Dans le manuscrit autographe conservé à la British Library, la sinfonia d'introduction n'a pas été conservée. Porpora ne paraît pas avoir désiré composer une ouverture propre à l’œuvre. Il emploie le récitatif de la première scène à la façon d'une introduction. C'était un cas fréquent à l'époque. Il était pratique commune d'insérer une ouverture écrite antérieurement par le compositeur lui-même. L'Angelica est divisé en deux parties. La figure d’Orlando est essentiellement statique : il ne fait rien mais permet aux autres protagonistes de préciser leur position. Il est probable que la serenata a été composée en peu de temps. L'Angelica présente une grande fraîcheur et une qualité d'écriture très élevée. On le ressent particulièrement dans le soin et l'élan lyrique avec lesquels sont écrits les récitatifs.

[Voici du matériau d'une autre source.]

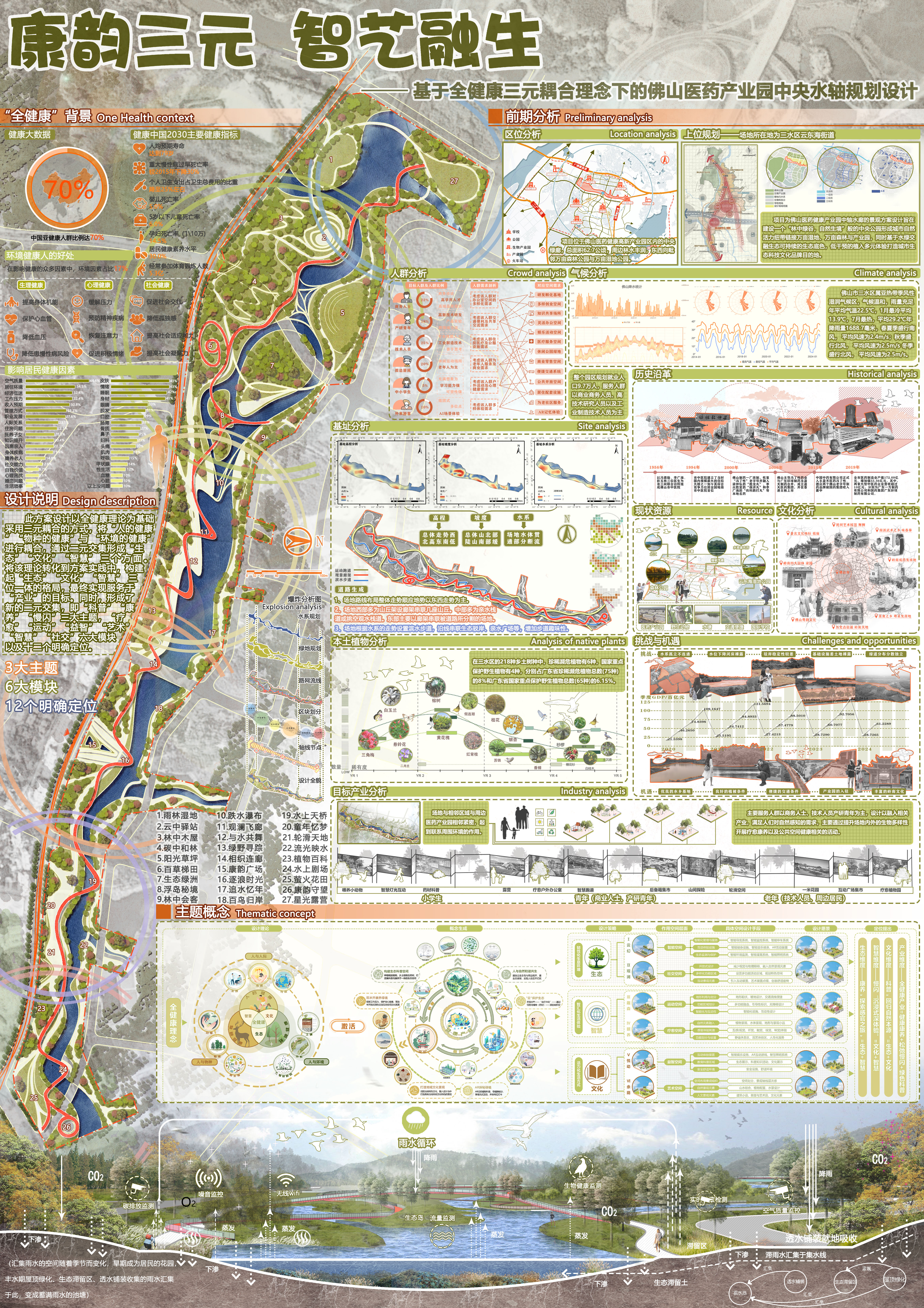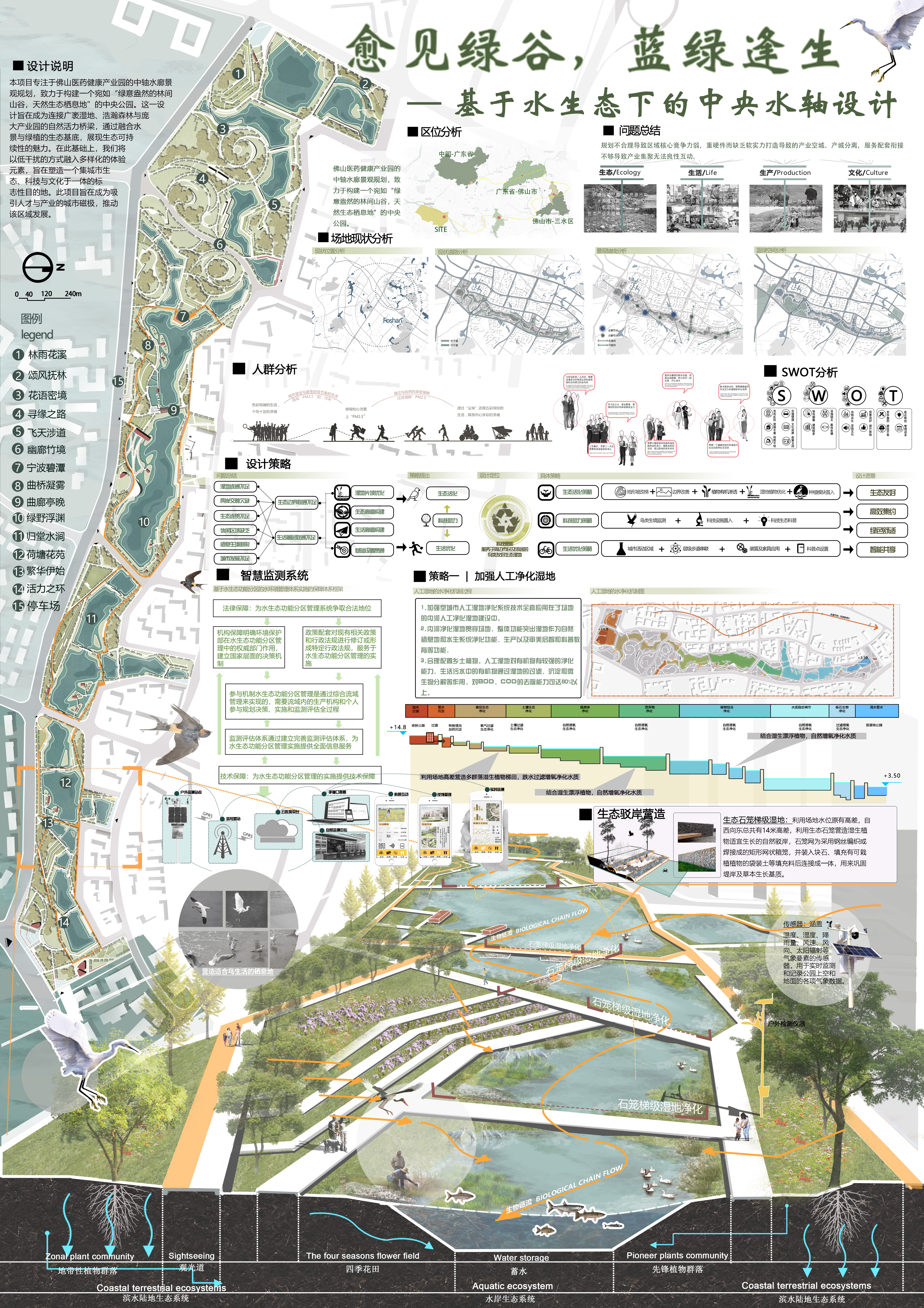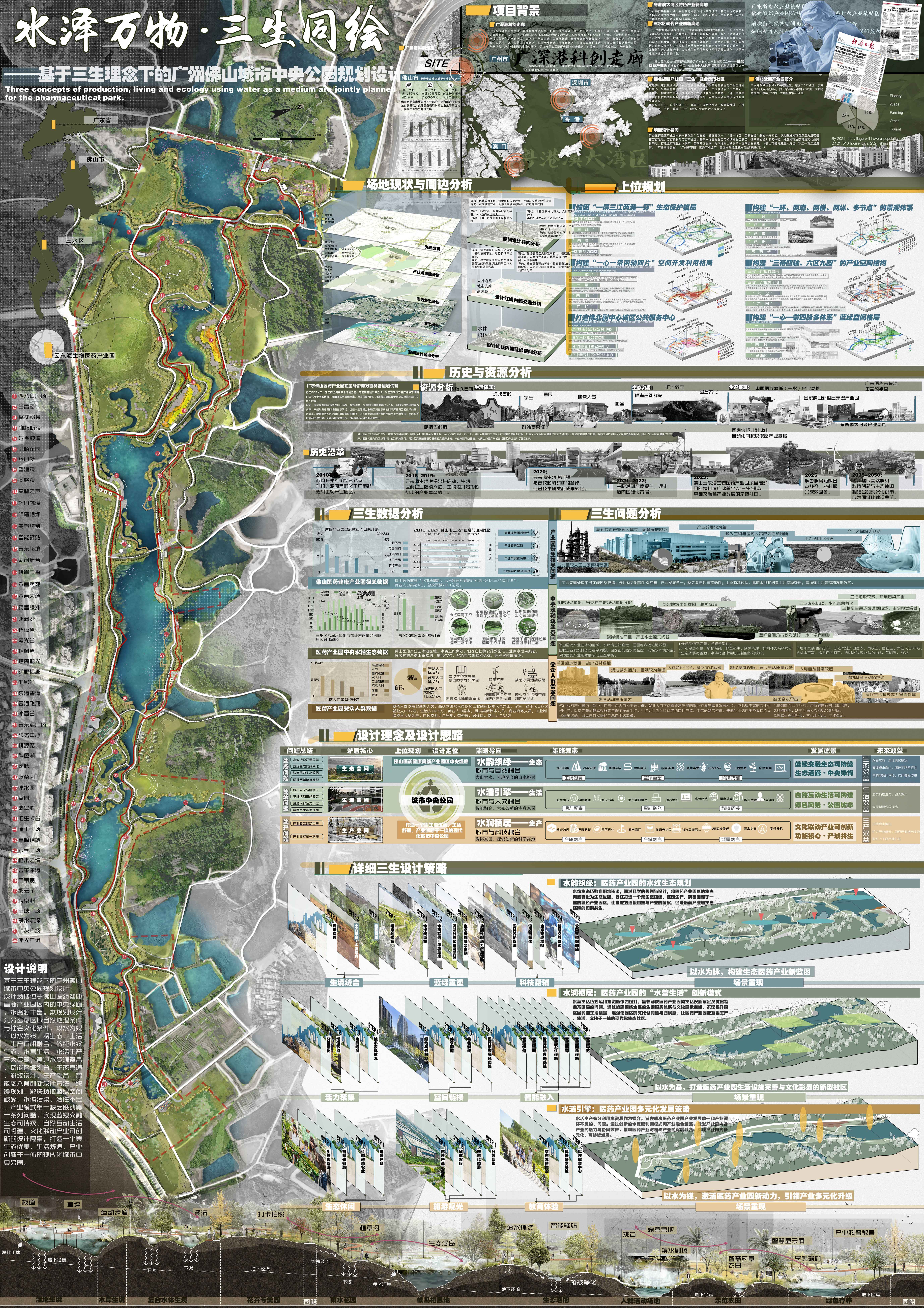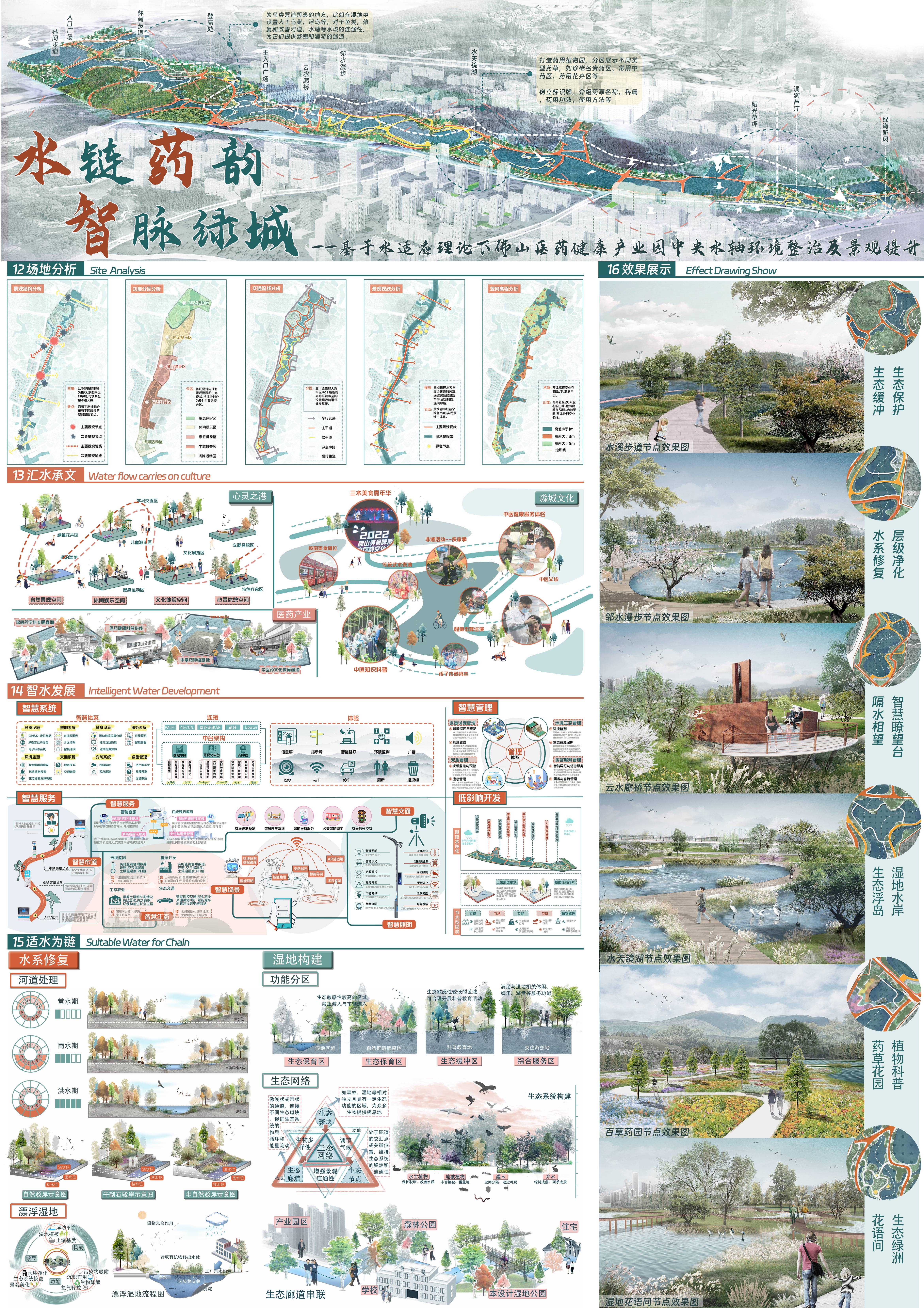 大赛主题:“佛山医药健康产业园中轴水廊的景观方案设计”
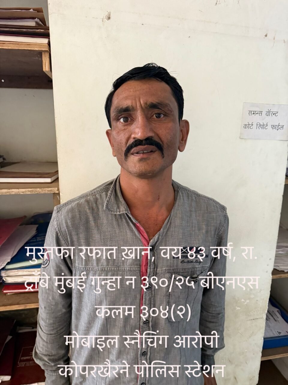 नवी मुंबई – कोपरखैरणे पोलीस ठाण्याच्या हद्दीत मोबाईल स्नॅचिंगचा गुन्हा दिनांक २४ एप्रिल २०२५ रोजी CR No. 390/2025, BNS कलम 304(2) नुसार नोंद करण्यात आला. सदर गुन्ह्यात सराईत गुन्हेगार मुस्तफा रफिक खान (वय ४२ वर्षे) याने एका व्यक्तीचा Vivo कंपनीचा अंदाजे १५,०००/- रुपये किमतीचा मोबाईल फोन जबरदस्तीने चोरून नेला.
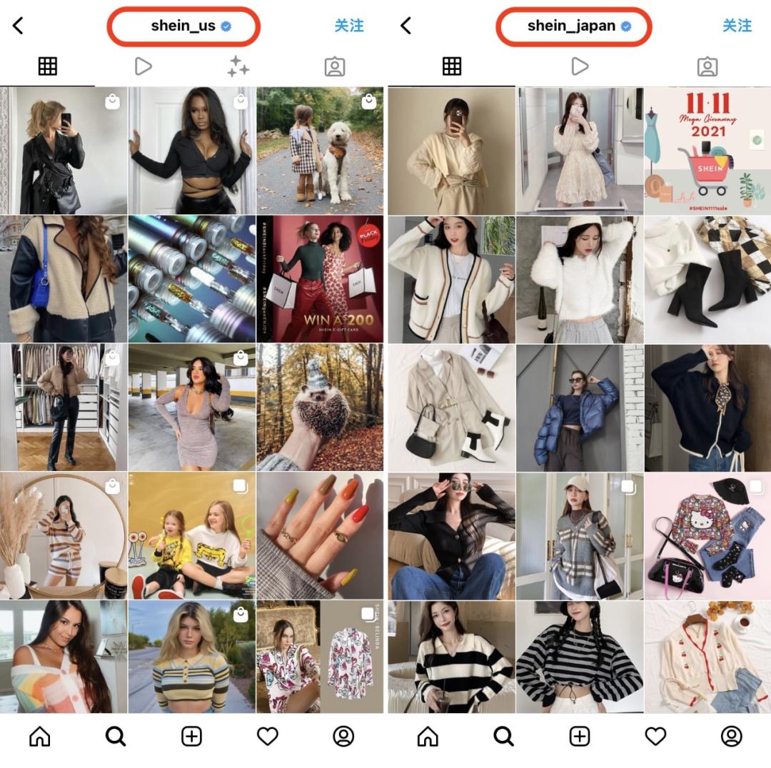 在各大社交媒体上,SHEIN会建立20多个子账号,做更细分的内容。比如他们会根据当地的文化特色选择适合的服装风格。其在日本账号发布的服装风格是甜美、内敛的;而到了美国账号shein_us里,服装画风则变得更加开放,模特的姿势也会更大胆。
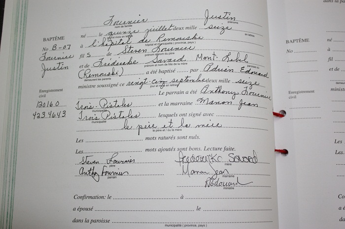 Le parrain est Anthony Fournier et la marraine est Manon Jean.
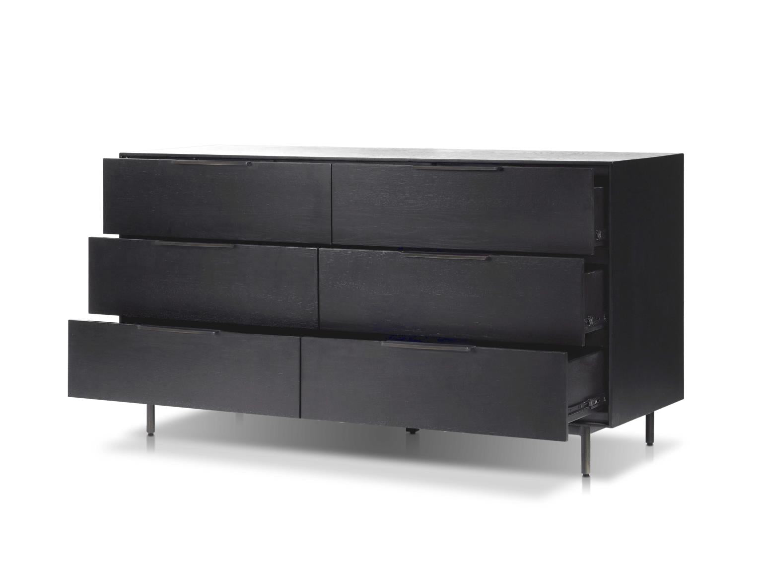 Introducing the Akira Mid Century Modern Six Drawer Dresser in Black. Minimalist design perfection. Storage and sleek design blend perfectly.

Un couple d'amoureux, Angelica et Medoro fuient la colère de Orlando, épris d’Angelica mais repoussé par elle. Leur histoire se mêle à celle du couple des bergers Licori et Tirsi. Un vieux sage commente les événements.

Les six personnages agissent dans le respect de la règle aristotélicienne d'unité de temps, de lieu et d'action, avec un texte qui insiste davantage sur les réactions psychologiques des personnages que sur la portée dramatique. L'écriture de Porpora est raffinée, riche en virtuosités mais sans excès et attentive à faire de l'orchestre le vecteur de l'expression.

Federico Maria Sardelli, un des chefs d'orchestre parmi les plus appréciés pour son interprétation du répertoire baroque, dirige avec détermination et un vif sens de la narration La Lira d'Orfeo. Le son est ouaté, l'orchestre attentif aux changements dans les dynamiques, au chant et au phrasé. La scène est dominée par Teresa Iervolino, mezzo soprano, qui soigne particulièrement les airs. Elle a pu mettre en évidence un timbre velouté, aux tintes sombres, un phrasé élégant et toute son assurance dans les coloratures. La scène finale est particulièrement brillante, où la mezzo soprano restitue à la folie du paladin toute la gamme de ses émotions.

Angelica a la voix claire et souple d’Ekaterina Bakanov, capable de projeter la voix au delà de l'orchestre. Elle fait également un usage savant du legato et fait preuve d'une grande expressivité. Paola Valentina Molinari, dans le rôle de Medoro, chante ce qui est peut-être l'air le plus beau et le plus émouvant de la partition et dialogue douloureusement avec le violoncelle, instrument joué par Porpora. Gaia Petroni chante une Licori très musicale, Sergio Foresti chante un éminent Titiro, tandis que Barbara Massaro joue Tirsi, rôle écrit pour le tout jeune Farinelli.

Malheureusement, la mise en scène et les costumes ne réussissent pas à faire décoller ce spectacle peu convaincant, fondé sur une dramaturgie plutôt faible. La scène est occupée par une table somptueusement décorée, derrière laquelle des panneaux semi-transparents permettent aux personnages et aux mimes de se matérialiser.